Testing the Withdrawal Function

let checkingAccount = { Id = "A1"; Balance = 100.0m }
let savingsAccount = { Id = "A2"; Balance = 1000.0m }
let investmentAccount = { Id = "A3"; Balance = 500.0m }

let checkingType = Checking(50.0m)
let savingsType = Savings(200.0m)
let investmentType = Investment([safaricomStock; treasuryBond])
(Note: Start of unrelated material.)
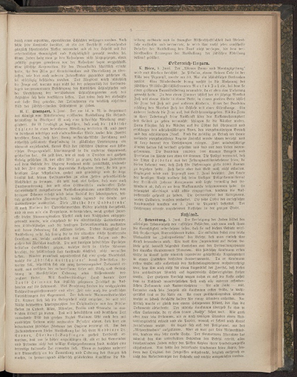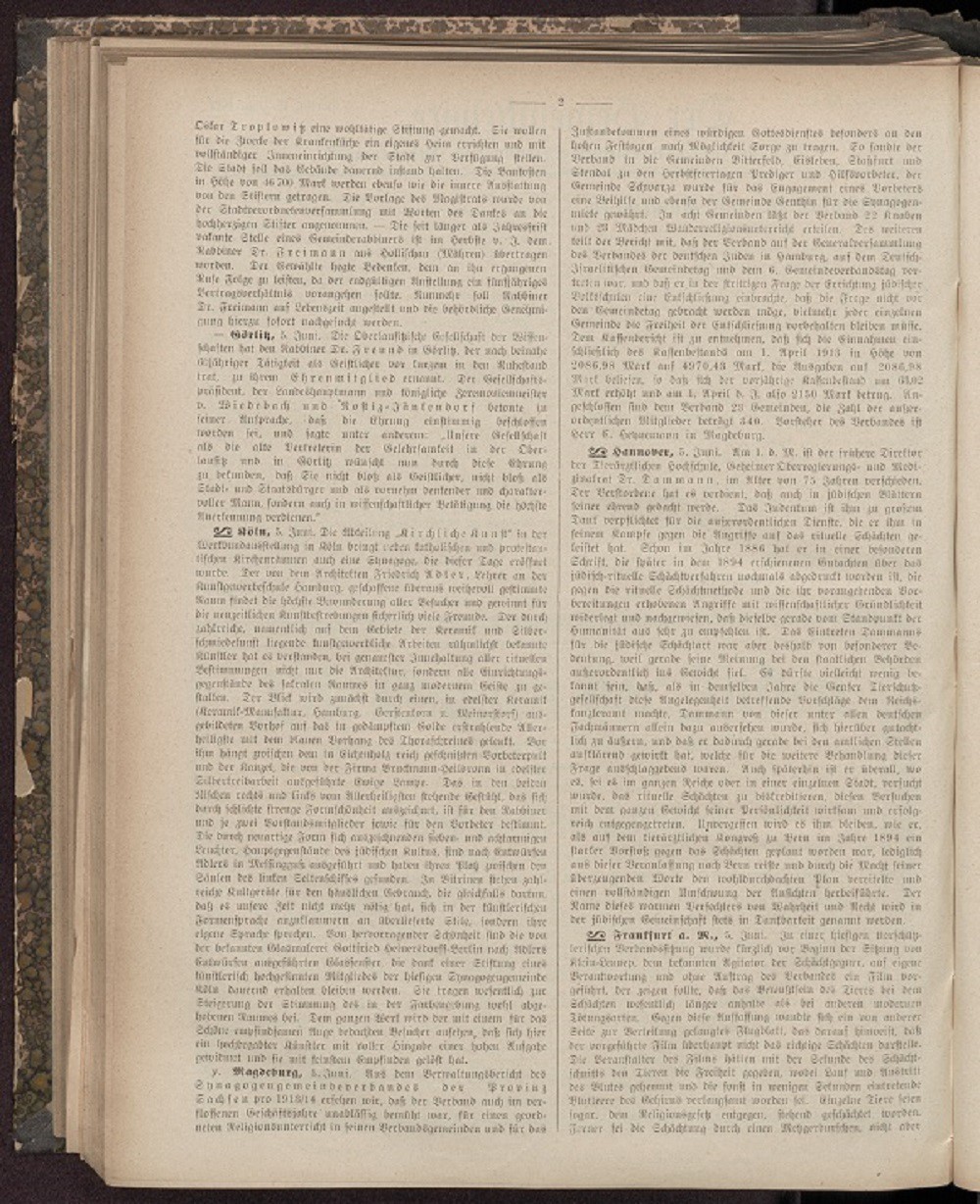 Er wurde nach mehrstündiger Verhandlung zu drei Monaten Gefängnis verurteilt. – In Birnbaum wurde eine Volksbadeanstalt eingeweiht und eröffnet, die mit einem Kostenaufwand von 65 000 Mark errichtet und von Herrn Oscar Tietz in Berlin, dem Ehrenbürger der Stadt Birnbaum, anläßlich seiner silbernen Hochzeit gestiftet worden ist. – Die seit 1899 bestehende und etwa 700 Seelen umfassende Synagogengemeinde Köln-Ehrenfeld ist mit Genehmigung des Regierungspräsidenten der Gemeinde Köln einverleibt worden. – Am 24. d.M. fand in Münster unter reger Beteiligung die ordentliche Generalversammlung des Vereins zur Wahrung der religiösen Interessen des Judentums in Westfalen statt. Dr. Rubens ( Gelsenkirchen) gab den Vorstandsbericht, der eine Erweiterung der bisherigen Arbeit auf religiösem und kulturellem Gebiet nachwies. Nach Erledigung verschiedener innerer Vereinsangelegenheiten hielt Rechtsanwalt Dr. J. Kahn( Köln) einen Vortrag über die Aufgaben und die Zukunft der Landgemeinden Westfalens, in dem er insbesondere vor der Landflucht und dem Zuge nach der Großstadt warnte. – Dem Geheimen Sanitätsrat Dr. Jaffe und dem Sanitätsrat Dr. Günzberg in Frankfurt a. M. ist der Rote Adlerorden vierter Klasse verliehen worden. – In Wien ist vor kurzem Herr Markus Weißmann Chajes, ein hervorragender jüdischer Gelehrter, in hohem Greisenalter verschieden. Von seinen Schriften erwähnen wir besonders seine Glossen zum Jeruschalmi ( Krotoschin 1866) und Dibre Chachamim ( Wien 1892). – Im Jahre 1912 zählte man in Ungarn 561 Muttergemeinden und 1789 Filialen, und zwar: orthodoxe 319 Haupt- und 1315 Filialgemeinden, Kongreß 182 Haupt- und 338 Filialgemeinden, Statusquo 60 Haupt- und 136 Filialgemeinden. Gegen 1911 hat die Orthodoxie 2 Hauptgemeinden mehr und 9 Filialgemeinden weniger, die Kongreßorganisation 4 Filialgemeinden weniger. Diese Statistik läßt keinen Schluß auf die Seelenzahl zu. So zählt die Pester Kongreßgemeinde allein an 180 000 jüdische Seelen, also nahezu den fünften Teil aller Juden Ungarns. In Kroatien gibt es 27 Gemeinden. – Aus Paris wird gemeldet: Madame Emilie Deutsch de la Meurthe, eine wegen ihres Wohltätigkeitssinnes hochangesehene Dame, hat dem Präsidium der jüdischen Gemeinde 100 000 Francs für die Wohltätigkeitseinrichtungen derselben gespendet. – Als ein interessanter Beweis für die leichte Assimilationsfähigkeit der Juden mag die Meldung aus London dienen, wonach unter den im Jahre 1913 in England naturalisierten 1700 Ausländern sich 600 russische Juden befanden. Aber auch unter den als Oesterreicher, Ungarn, Deutsche und Türken verzeichneten neuen englischen Staatsbürgern gibt es sehr viele Juden, so daß Eingeweihte behaupten, daß im Jahre 1913 zumindest zwei Drittel der Naturalisierten Juden waren. Das ist umso bedeutsamer, als ja bekannt ist, daß gerade in England die Bedingungen, an welche die Naturalisation geknüpft ist, sehr streng sind, und daß die Aufnahme eines Ausländers in den englischen Staatsverband von der Ablegung einer schweren Prüfung in englischer Sprache abhängig ist. – Durch große Feuersbrünste sind mehr als tausend jüdische Familien im Gouvernement Kowno brot- und obdachlos geworden. Fast in einen Trümmerhaufen verwandelt ist die Kreisstadt Keidavy, die eine jüdische Bevölkerung von etwa 10 000 Seelen zählt. Das gleiche Schicksal teilten die Städte Boboria, Skala, Dißna, Kopust und viele andre kleine Städtchen. Die Not ist dort unbeschreiblich. Schleunigste Hilfe tut not. – Anläßlich der jüngsten Graduierung der Absolventen der jüdischen landwirtschaftlichen Hochschule Woodbyne im Staate New-York sind der Institutsleitung so viele Gesuche von Gutsherren um Zuweisung von Absolventen der Anstalt zugekommen, daß viele dieser Ansuchen unberücksichtigt bleiben mußten. Die betreffenden Farmbesitzer erklärten in ihrer Zuschrift, daß die jüdischen Farmer und Agronomen allen anderen bevorzugt werden, und ganz besonders sind es die Absolventen der Baron Hirschschen landwirtschaftlichen Hochschule von Woodbyne, welche gesucht werden. Das Kuratorium der Anstalt hat nun eine Erweiterung derselben beschlossen, und mit dem beginnenden Schuljahre wird die Zahl der aufzunehmenden Schüler verdoppelt werden. Woodbyne ist bekanntlich die einzige ausschließlich jüdische Stadt in Amerika, in welcher sämtliche öffentlichen Stellen, vom Bürgermeister bis zum letzten Straßenkehrer, von Juden besetzt sind.

let testWithdrawal amount account accountType =
    match processWithdrawal amount accountType account with
    | Ok updatedAccount -> printfn "Withdrawal successful: %A" updatedAccount
    | Error msg -> printfn "Withdrawal failed: %s" msg

testWithdrawal 120.0m checkingAccount checkingType // Output: Withdrawal successful: { Id = "A1"; Balance = -20.0 }
testWithdrawal 900.0m savingsAccount savingsType // Output: Withdrawal successful: { Id = "A2"; Balance = 100.0 }
testWithdrawal 600.0m investmentAccount investmentType // Output: Withdrawal failed: Insufficient funds

This example demonstrates how DUs can encode domain-specific rules (e.g., overdraft limits, minimum balances) directly in the type system. Associating data like OverdraftLimit or MinimumBalance with the account type ensures that the rules are enforced at compile time, reducing the risk of errors in financial calculations. Abraham’s lesson emphasizes that DUs allow developers to model complex relationships in a way that is both expressive and safe, aligning perfectly with the needs of specific domains.


Key Takeaways

Isaac Abraham’s Get Programming with F# highlights several key benefits of using discriminated unions for modeling relationships, particularly in domains like finance:

  1. Type Safety: DUs ensure that all possible cases are handled via pattern matching, preventing runtime errors. For example, you can’t process a transaction without accounting for deposits, withdrawals, and transfers.
  2. Expressive Domain Modeling: DUs allow you to represent complex relationships (e.g., different types of financial instruments or accounts) in a concise and readable way.
  3. Business Rules in Code: By embedding rules like positive amounts or sufficient funds in the type system, you make invalid states unrepresentable, a concept Abraham refers to as “making illegal states unrepresentable.”
  4. Maintainability: Adding a new transaction type (e.g., DividendPayment) requires updating the DU and pattern matching, and the compiler will guide you to update all relevant code paths.

Conclusion

Modeling relationships in F# using discriminated unions provides a powerful approach to building robust domain-specific applications. By leveraging DUs, you can create type-safe, expressive, and maintainable domain models that encode business rules directly in the code. The financial data examples above—modeling instruments, transactions, and account types—demonstrate how F#’s type system can simplify complex domains while ensuring correctness.

As Isaac Abraham notes, F#’s functional-first approach, combined with tools like DUs, leads developers to a “pit of success,” where the language’s design naturally guides you toward writing better code.

For further exploration, check out the companion code repository for Get Programming with F# on Github or dive into Abraham’s F# in Action for more advanced domain-modelling examples. May your models be as robust as your F# types!